**THE PROBLEM**
Word for word, copy out the data below, omitting pictures.

**STORED DATA**
☆ ☆ ☆ ☆ ☆
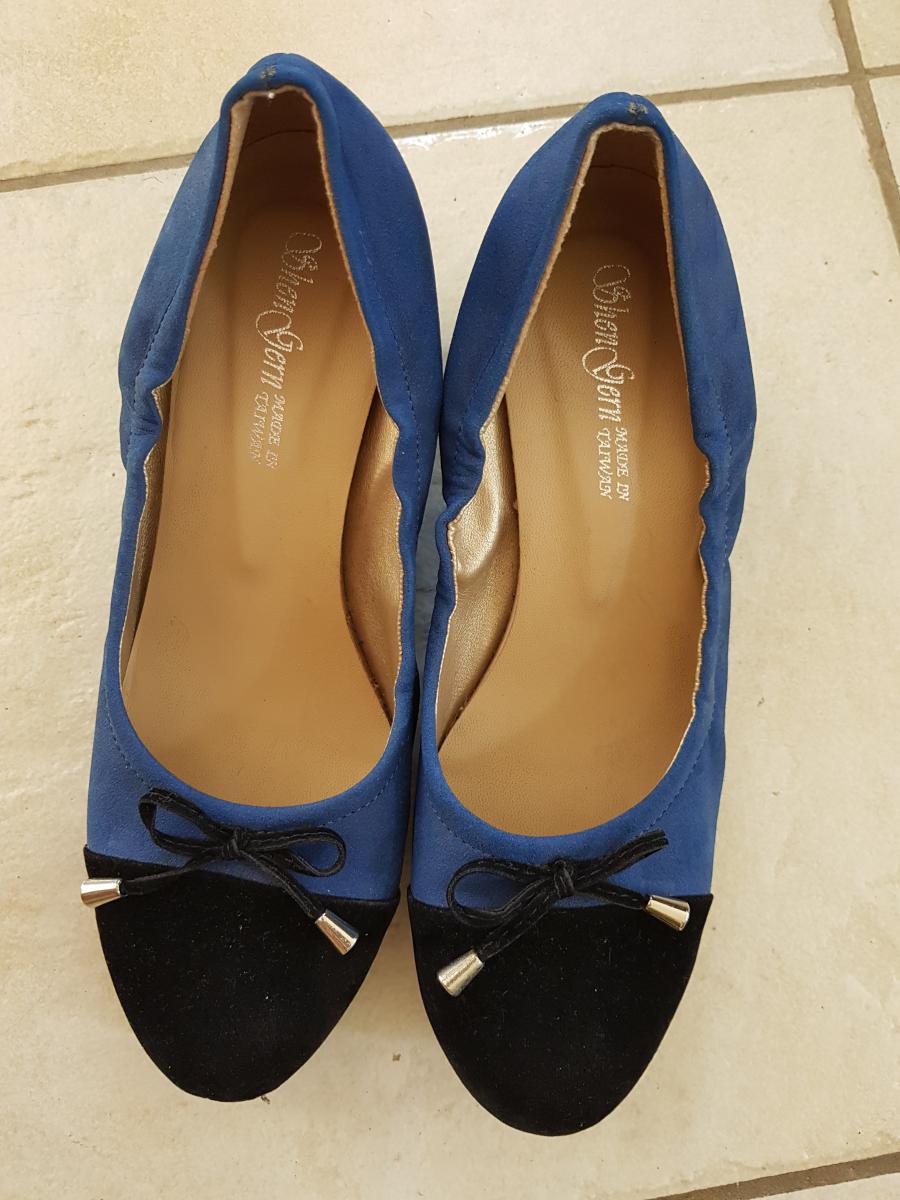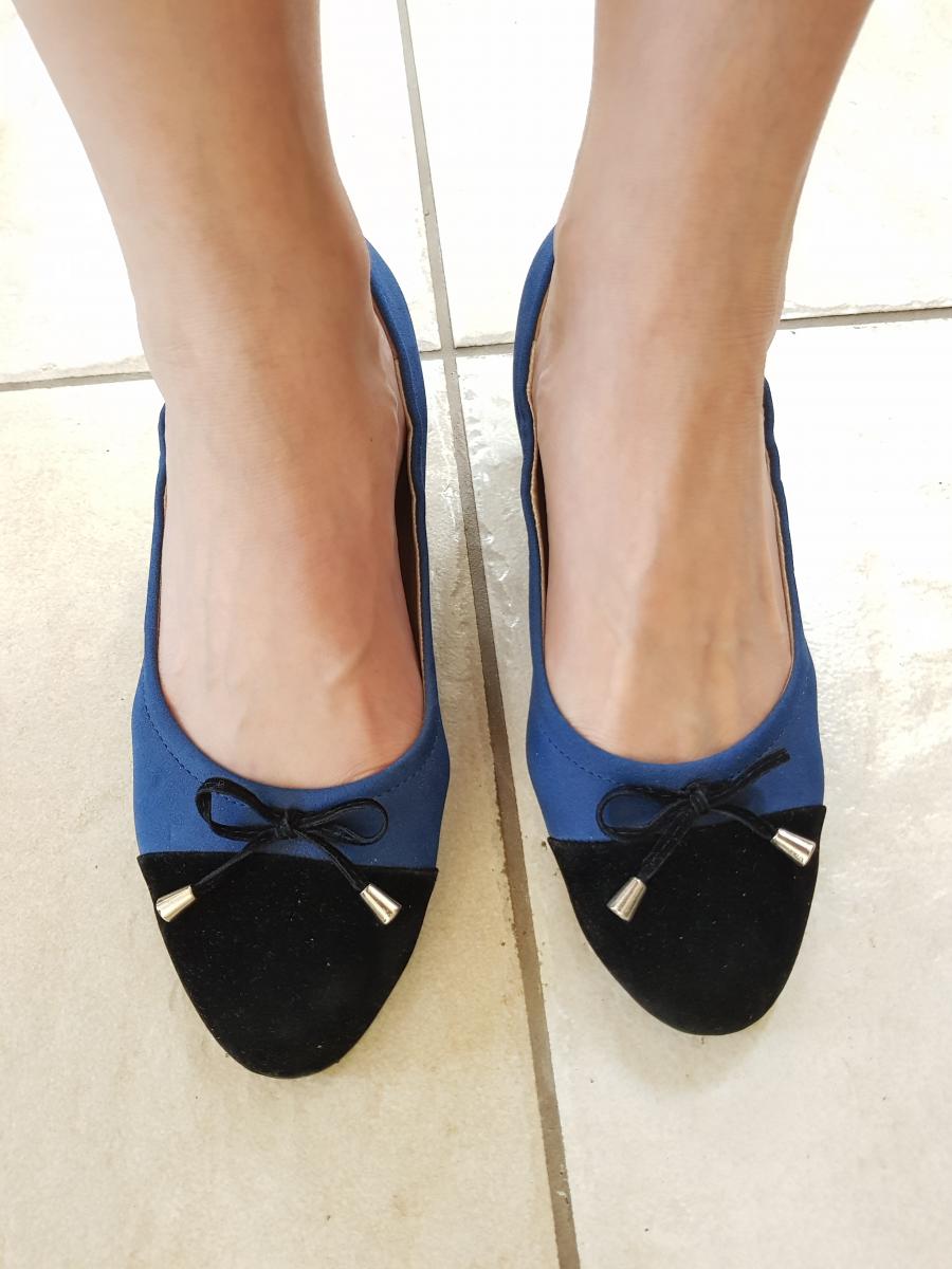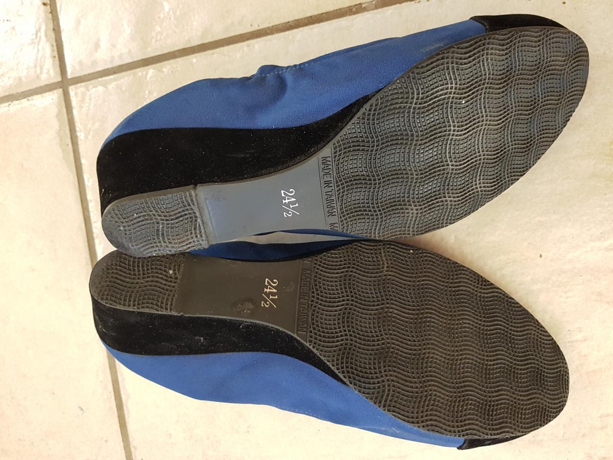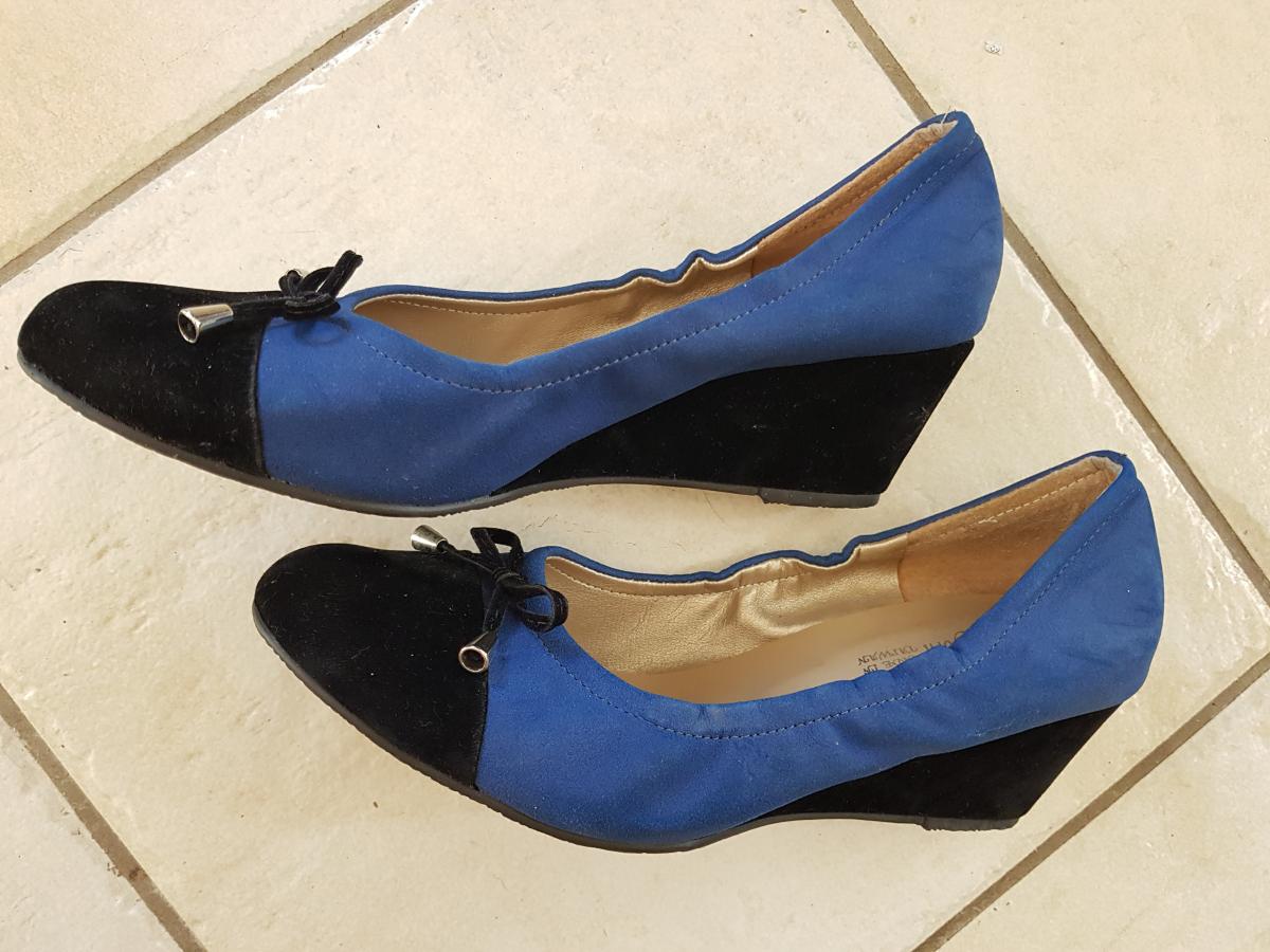 Black & blue wedge heels with a cute bowtie detail, very comfortable to walk in, great for the office.
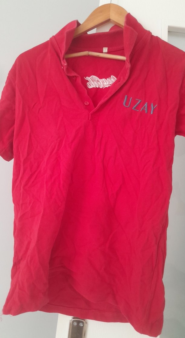 Kırmızı, yakalı ve kısa kollu erkek polo tişörtü, nefes alabilen keten kumaştan üretilmiştir. Bol kesim ve göğsünde "UZAY" nakışı ile renkli ve rahat sokak stili sunar.
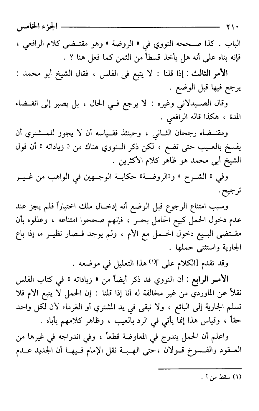الأمر الرابع: أن النووي قد ذكر أيضًا من "زياداته" في كتاب الفلس نقلًا عن الماوردي من غير مخالفة له أنا إذا قلنا: إن الحمل لا يتبع الأم فلا تسلم الجارية إلى البائع، ولا تبقى في يد المشتري أو الغرماء لأن لكل واحد حقا، وقياس هذا إنما يأتي في الرد بالعيب، وظاهر كلامهم يأباه.
☆ ☆ ☆ ☆ ☆
**FINAL ANSWER**
 Black & blue wedge heels with a cute bowtie detail, very comfortable to walk in, great for the office.
 Kırmızı, yakalı ve kısa kollu erkek polo tişörtü, nefes alabilen keten kumaştan üretilmiştir. Bol kesim ve göğsünde "UZAY" nakışı ile renkli ve rahat sokak stili sunar.
الأمر الرابع: أن النووي قد ذكر أيضًا من "زياداته" في كتاب الفلس نقلًا عن الماوردي من غير مخالفة له أنا إذا قلنا: إن الحمل لا يتبع الأم فلا تسلم الجارية إلى البائع، ولا تبقى في يد المشتري أو الغرماء لأن لكل واحد حقا، وقياس هذا إنما يأتي في الرد بالعيب، وظاهر كلامهم يأباه.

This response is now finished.